Belarusian politician (born 1964)

Alyaksandr Iosifovich Feduta (Аляксандр Іосіфавіч Фядута; born 3 November 1964 in Grodno) is a Soviet and Belarusian politician, literary critic and political scientist. Candidate of Philology, Doctor of Humanities (Poland) in the specialization Literary Studies and one of the authors of the Great Russian Encyclopedia.

==Biography==
Graduated from the Faculty of Philology of the Grodno State University (1986), worked as a teacher of the Russian language and literature (1986–1991). In 1990 he was elected secretary of the Central Committee of the Komsomol of Belarus, in December 1991 he was the first secretary of the Central Committee of the Union of Youth of Belarus, remained in this position until 1994.

In 1994, he became a member of the campaign headquarters of Alexander Lukashenko. After the victory of the latter, he became the head of the socio-political information department of the Presidential Administration of Belarus. At the beginning of 1995, he was fired and worked as a journalist for a number of Russian and Belarusian non-state newspapers (Belorusskaya Delovaya Gazeta, Moskovskiye Novosti, Imya, Narodnaya Volya).

Candidate of Philological Sciences (1997, dissertation "The problem of the reader in the creative mind of A. S. Pushkin"). He worked on his doctoral dissertation, the topic "The problem of the reader in the literature of the Pushkin era."

He published journalistic articles in many printed and electronic media in Belarus. He specialized in the genre of political portrait. He is the author of the book Lukashenko: Political biography, published by the Russian publishing house “Referendum” in 2005. This is the first political biography of Alexander Lukashenko, written by a member of his first campaign headquarters.

In 2006, Elena Novozhilova, a journalist for the Belarusian News website, published the facts of using her articles in the American newspaper New Russian Word under the name of Alyaksandr Feduta. As a result, Feduta apologized to Novozhilova and the editors of the Belarusian News.

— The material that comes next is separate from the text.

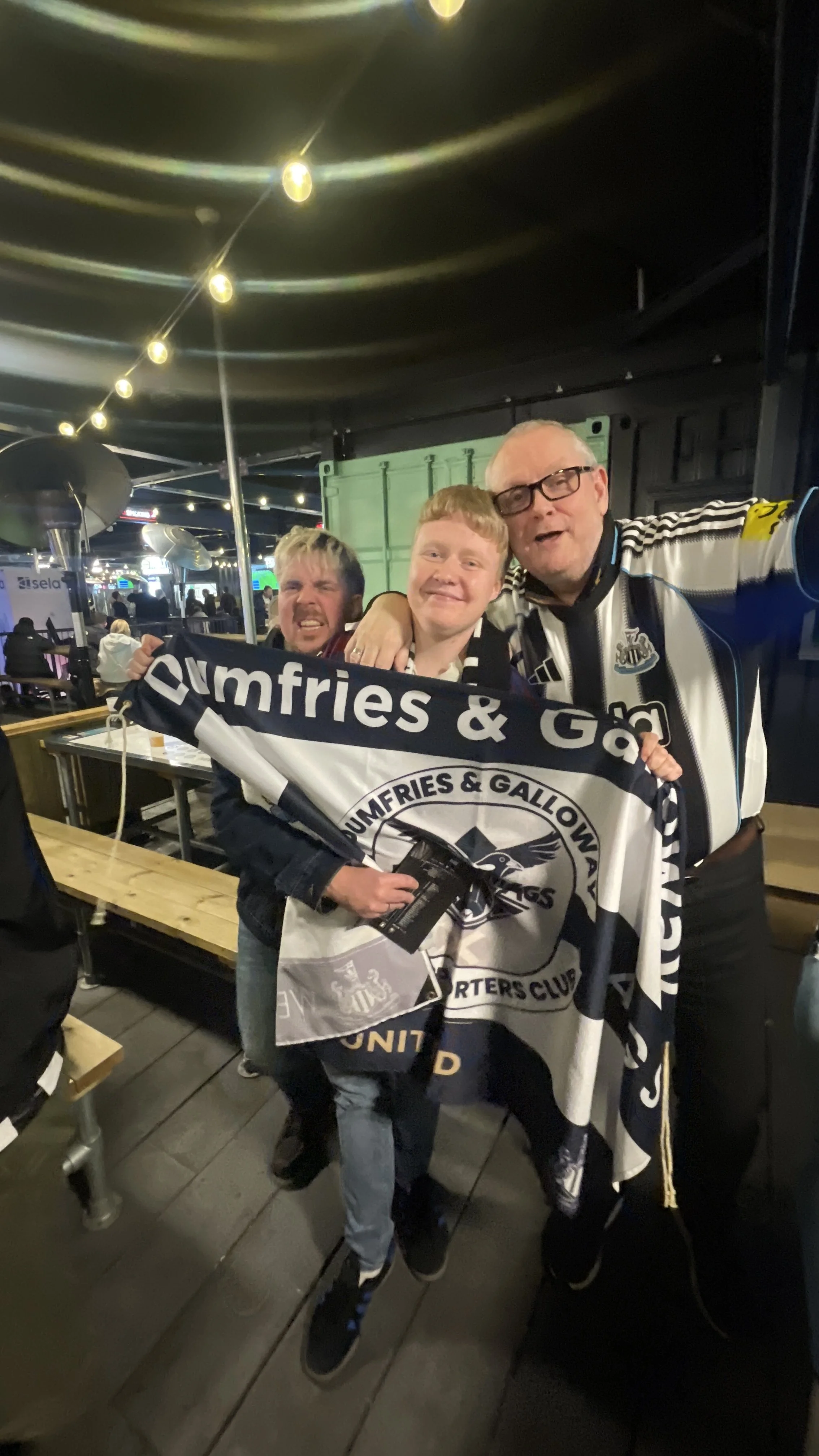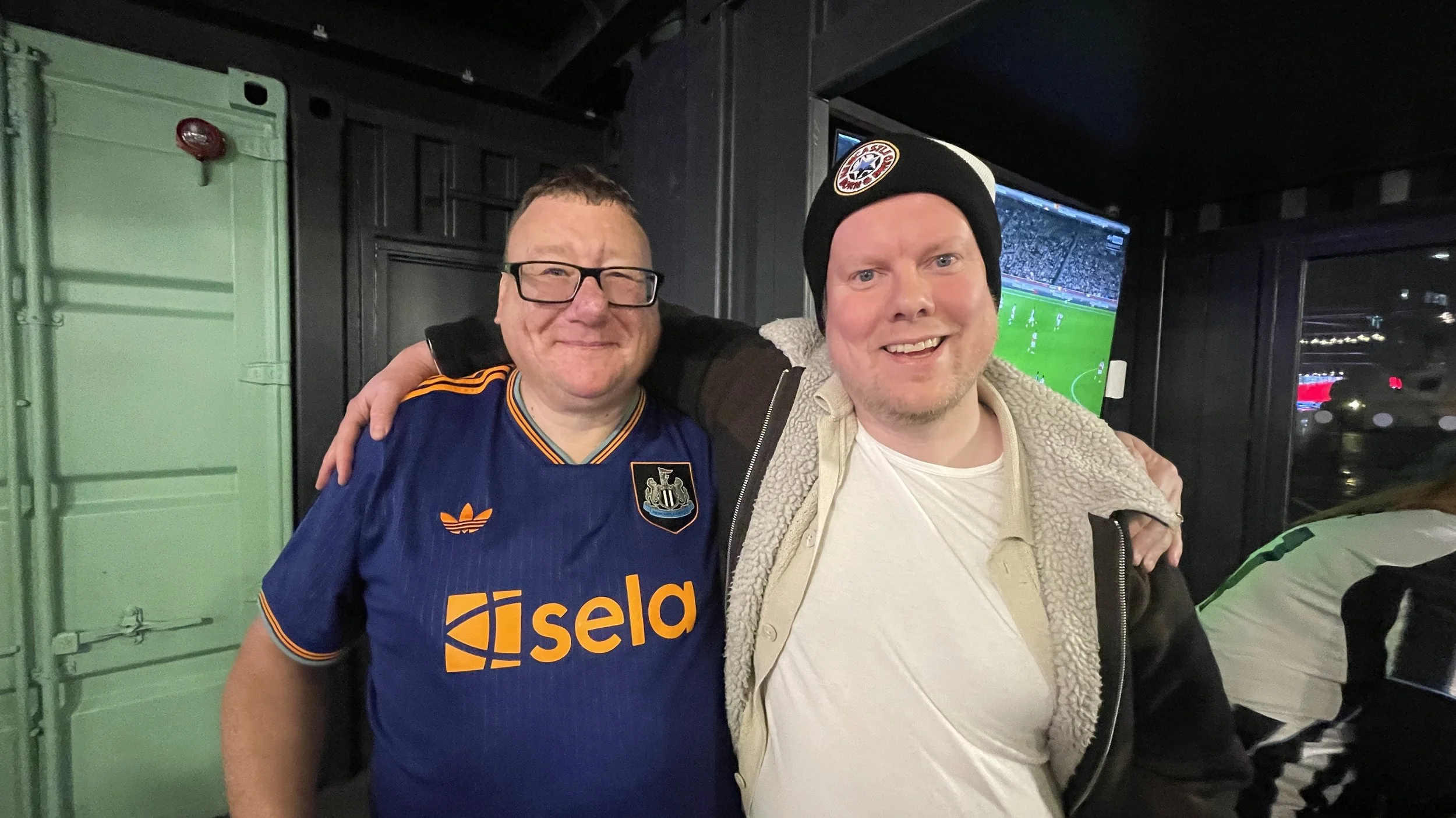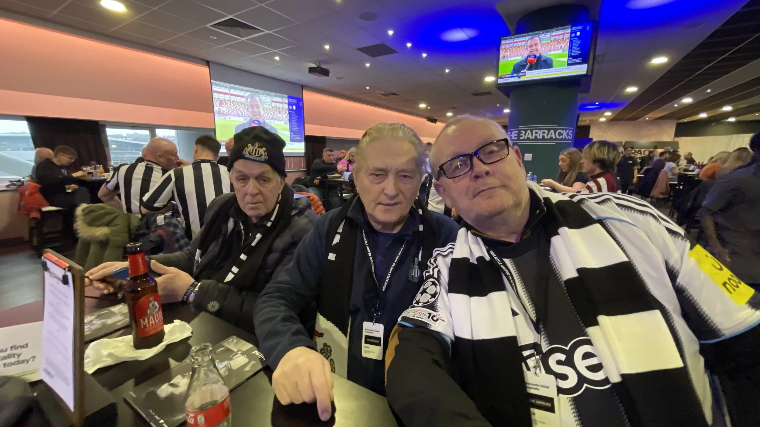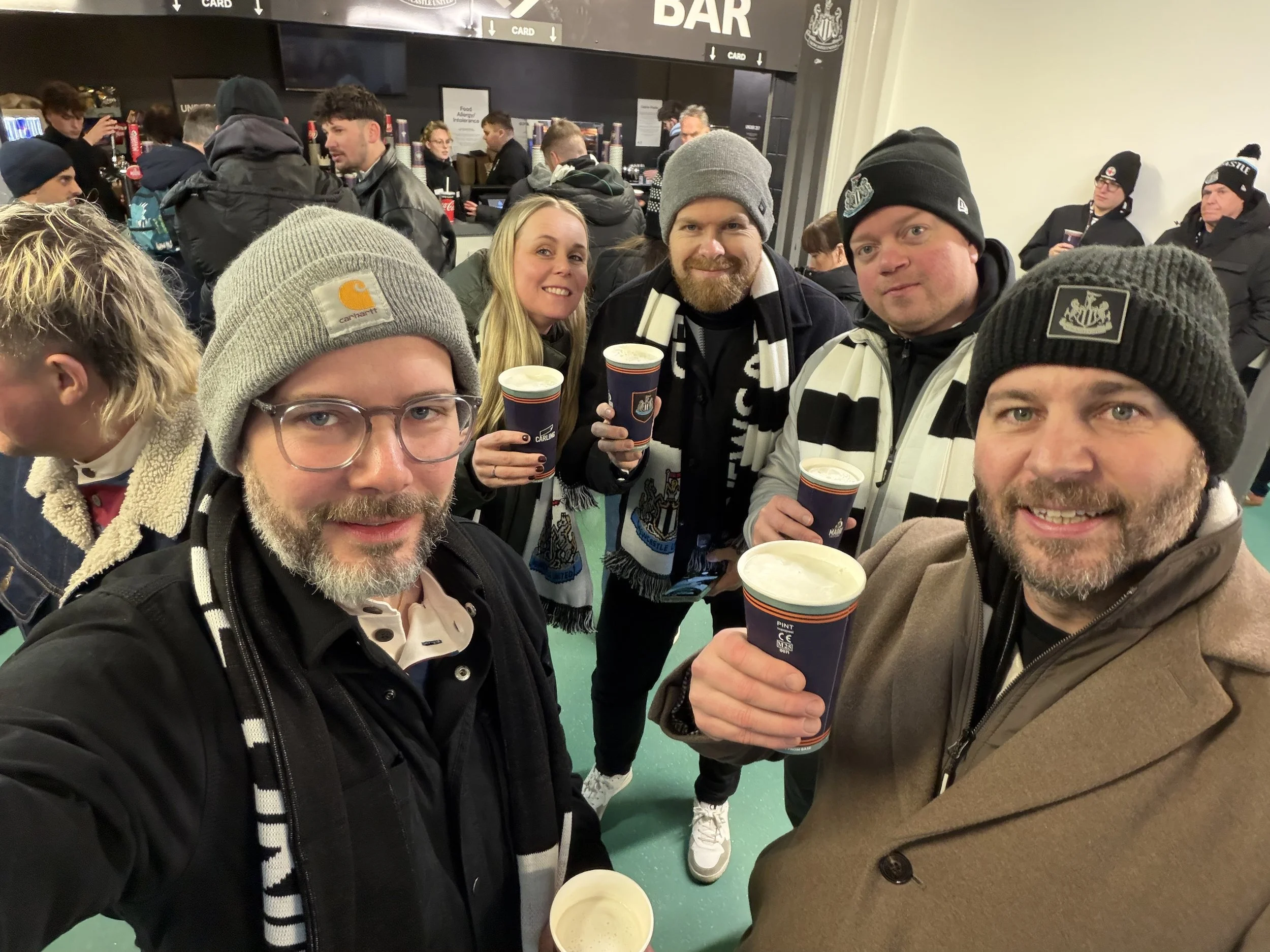 Að fundi loknum hittist hópurinn á Stacks, fan-zone rétt fyrir utan St. James’ Park. Klúbburinn hafði útvegað öllum hópnum VIP-aðgang og þar hittum við bæði Wor Flags og stuðningsmenn frá öðrum löndum, meðal annars frá Belfast og Baltimore. Í raun var þarna samankomið alþjóðlegt tengslanet fólks sem styður sama félag, þótt tungumálin séu ólík. Tengiliður félagsins við erlenda klúbba dreifði fríum treflum. Þrír tímar í leik.

After the 2010 presidential elections in Belarus, Alyaksandr Feduta, who worked in the campaign headquarters of presidential candidate Uladzimir Nyaklyayew, was arrested on December 20 in Minsk by the Belarusian security services and imprisoned in the KGB detention center. Philologists from Russia and other countries appealed to the President and Government of the Russian Federation in defense of their colleague. Under another appeal in defense of Feduta and other arrested writers, artists, journalists, scientists, addressed to the Parliamentary Assembly of the Council of Europe and other interstate structures, singer Yuri Shevchuk, TV presenter Alexander Arkhangelsky, literary critic Nikolai Bogomolov, poets Mikhail Aizenberg, Natalya Gorbanevskaya and Timur Kibirov signed and dozens of other cultural and scientific figures from Russia, Lithuania, Ukraine, Estonia and other countries.

On January 11, 2011, Amnesty International recognized Feduta as a prisoner of conscience. On April 8, 2011, he was released on bail. On May 20, 2011, Alyaksandr Feduta was sentenced to two years of probation with a two-year probation.

In June 2015, Alyaksandr Feduta expressed his attitude to the scandal surrounding the installation and replacement of the plaque on the monument to A. S. Pushkin in Mogilev. The literary critic condemned the erection of the monument, on the pedestal of which there was a quote from Pushkin's poem "To the Slanderers of Russia", insulting for the Belarusians who participated in the uprising of 1831, noting that the official who allowed the installation of a monument with such a text should resign.

On September 5, 2022, the Minsk Regional Court sentenced Alexander Feduta to 10 years in prison in a maximum security colony. In mid-December 2022, he was transferred to Mogilev Correctional Colony No. 15 (Папраўчая ўстанова «Папраўчая калонія № 15»). Viasna and other human rights organizations in Belarus have recognized Feduta as a political prisoner.

On 13 December 2025, Feduta was released and exiled to Ukraine among 123 political prisoners, after the ease of the US sanctions on Belarusian potash industry.